[WHAT YOU SHOULD DO]: Any picture must be dropped, but each line of the data should be duplicated exactly.

::::

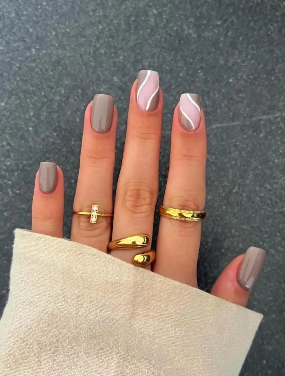 Колір тауп не виходить із трендів. Спробуйте використати цей гарний сіро-коричневий відтінок для створення елегантного манікюру із хвилеподібними візерунками.
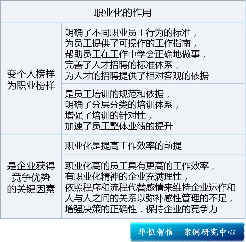 第一,职业化变个人榜样为职业榜样。职业化涉及员工管理的各个模块。首先,职业化明确了不同职业员工行为的标准,为员工提供了可操作的工作指南,帮助员工在工作中学会正确地做事,完善了人才招聘的标准体系,为人才的招聘提供了相对客观的依据。同时,他还是员工培训的规范和依据,明确了分层分类的培训体系,增强了培训的针对性,加速了员工整体业绩的提升。
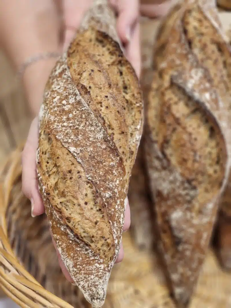 Pain de 200g à partir de farine de gaudes et graine de caméline. Graine douce et croquante qui donne un goût herbacé au pain
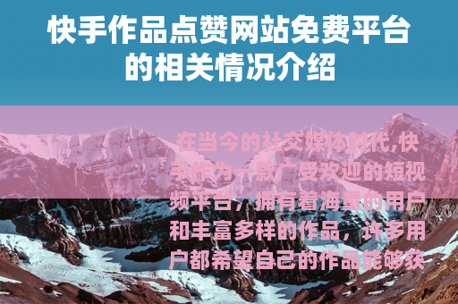 在当今的社交媒体时代,快手作为一款广受欢迎的短视频平台,拥有着海量的用户和丰富多样的作品,许多用户都希望自己的作品能够获得更多的点赞,以提高作品的曝光度和影响力,而快手作品点赞网站免费平台也随之应运而生。
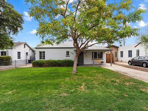 Welcome to 1805 N Dayton St, a beautifully updated 3-bedroom, 2-bath home located in Phoenix's highly desirable Coronado Historic District. A detached one-car garage adds flexibility for parking, storage, or workspace needs. This light-filled home blends vintage charm with modern updates. Herringbone tile throughout living room, dining room and kitchen. Hand made shaker cabinets throughout, and Calacatta quartz countertops in the kitchen and baths. Hexagon tile floors in bathrooms and master shower. Exposed brick wall in the living room. The floor plan has been opened and modernized to allow for maximum entertainment and enjoyability. Enjoy Arizona living in the lush, private backyard perfect for relaxing evenings or entertaining guests. Just minutes from Banner University Medical Center, Phoenix Children's Hospital, and other major healthcare facilities, this home is perfectly situated for hospital employees seeking a short commute. You'll also enjoy easy access to downtown Phoenix, Roosevelt Row, and all the best local coffee shops, restaurants, and parks. This home delivers both lifestyle and location. Lease Term: 12 months Utilities: Tenant is responsible for gas and electric. A $85 a month fee for water/sewer/trash will be added to base rent. Smoking: Strictly no smoking allowed inside the home
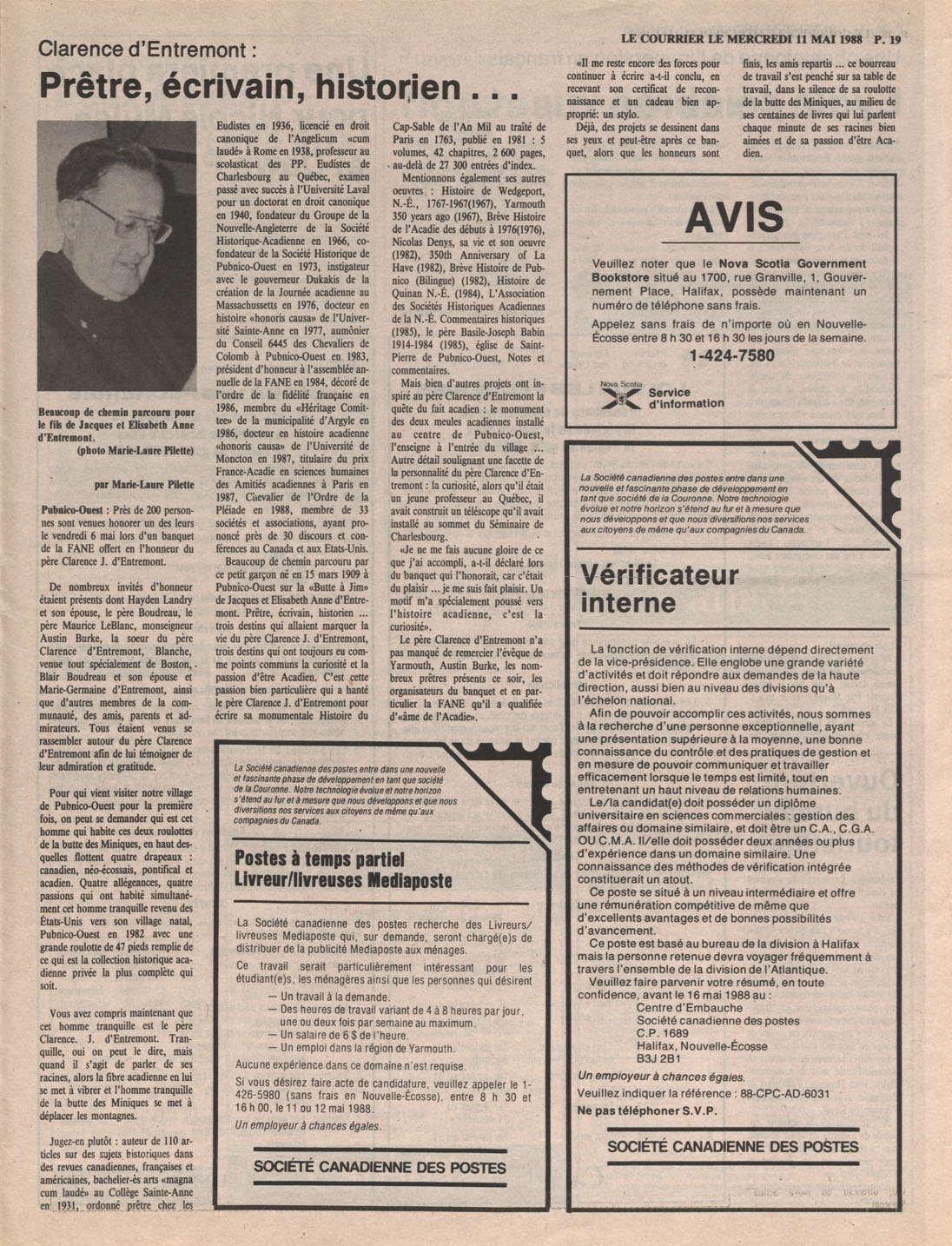 Le Courrier is Nova Scotia's leading French-language newspaper, and the only one with province-wide coverage and distribution. First published by Désiré d'Éon as Le Petit Courrier (Du Sud-Ouest de la Nouvelle-Écosse) on 10 February 1937, it has appeared weekly ever since, informing its readers, defending the interests of Acadians and francophones, and providing a bridge linking all Acadian regions in the province. It offers community news and events, extended articles, advertisements, announcements, photographs and special supplements, all directed towards supporting Nova Scotia's large, dispersed and diversified Acadian population, its businesses, industries, economy, daily activities, schools and higher education, politics, cultural life and heritage. Le Courrier offers an outstanding and unparalleled perspective on 66 years' accumulated history of Nova Scotia's Acadian population, thus enabling exploration of interests, activities, accomplishments, concerns and community issues across a broad swath of the 20th century.
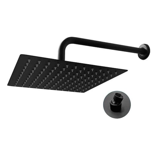 Ducha toda em aço inox preto fosco na medida de 20x20cm com braço redondo de 39cm.
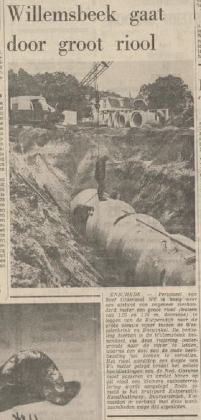 De Willemsbeek loopt dus nu via rioleringsbuizen naar de vijvers bij de rijksweg A35 tussen Boswinkel en Brokheurne. zie onderstaande krantenberichten uit Tubantia van 30-8-1969 en 11-9-1970.

::::

[TASK OUTPUT]:
 Колір тауп не виходить із трендів. Спробуйте використати цей гарний сіро-коричневий відтінок для створення елегантного манікюру із хвилеподібними візерунками.
 第一,职业化变个人榜样为职业榜样。职业化涉及员工管理的各个模块。首先,职业化明确了不同职业员工行为的标准,为员工提供了可操作的工作指南,帮助员工在工作中学会正确地做事,完善了人才招聘的标准体系,为人才的招聘提供了相对客观的依据。同时,他还是员工培训的规范和依据,明确了分层分类的培训体系,增强了培训的针对性,加速了员工整体业绩的提升。
 Pain de 200g à partir de farine de gaudes et graine de caméline. Graine douce et croquante qui donne un goût herbacé au pain
 在当今的社交媒体时代,快手作为一款广受欢迎的短视频平台,拥有着海量的用户和丰富多样的作品,许多用户都希望自己的作品能够获得更多的点赞,以提高作品的曝光度和影响力,而快手作品点赞网站免费平台也随之应运而生。
 Welcome to 1805 N Dayton St, a beautifully updated 3-bedroom, 2-bath home located in Phoenix's highly desirable Coronado Historic District. A detached one-car garage adds flexibility for parking, storage, or workspace needs. This light-filled home blends vintage charm with modern updates. Herringbone tile throughout living room, dining room and kitchen. Hand made shaker cabinets throughout, and Calacatta quartz countertops in the kitchen and baths. Hexagon tile floors in bathrooms and master shower. Exposed brick wall in the living room. The floor plan has been opened and modernized to allow for maximum entertainment and enjoyability. Enjoy Arizona living in the lush, private backyard perfect for relaxing evenings or entertaining guests. Just minutes from Banner University Medical Center, Phoenix Children's Hospital, and other major healthcare facilities, this home is perfectly situated for hospital employees seeking a short commute. You'll also enjoy easy access to downtown Phoenix, Roosevelt Row, and all the best local coffee shops, restaurants, and parks. This home delivers both lifestyle and location. Lease Term: 12 months Utilities: Tenant is responsible for gas and electric. A $85 a month fee for water/sewer/trash will be added to base rent. Smoking: Strictly no smoking allowed inside the home
 Le Courrier is Nova Scotia's leading French-language newspaper, and the only one with province-wide coverage and distribution. First published by Désiré d'Éon as Le Petit Courrier (Du Sud-Ouest de la Nouvelle-Écosse) on 10 February 1937, it has appeared weekly ever since, informing its readers, defending the interests of Acadians and francophones, and providing a bridge linking all Acadian regions in the province. It offers community news and events, extended articles, advertisements, announcements, photographs and special supplements, all directed towards supporting Nova Scotia's large, dispersed and diversified Acadian population, its businesses, industries, economy, daily activities, schools and higher education, politics, cultural life and heritage. Le Courrier offers an outstanding and unparalleled perspective on 66 years' accumulated history of Nova Scotia's Acadian population, thus enabling exploration of interests, activities, accomplishments, concerns and community issues across a broad swath of the 20th century.
 Ducha toda em aço inox preto fosco na medida de 20x20cm com braço redondo de 39cm.
 De Willemsbeek loopt dus nu via rioleringsbuizen naar de vijvers bij de rijksweg A35 tussen Boswinkel en Brokheurne. zie onderstaande krantenberichten uit Tubantia van 30-8-1969 en 11-9-1970.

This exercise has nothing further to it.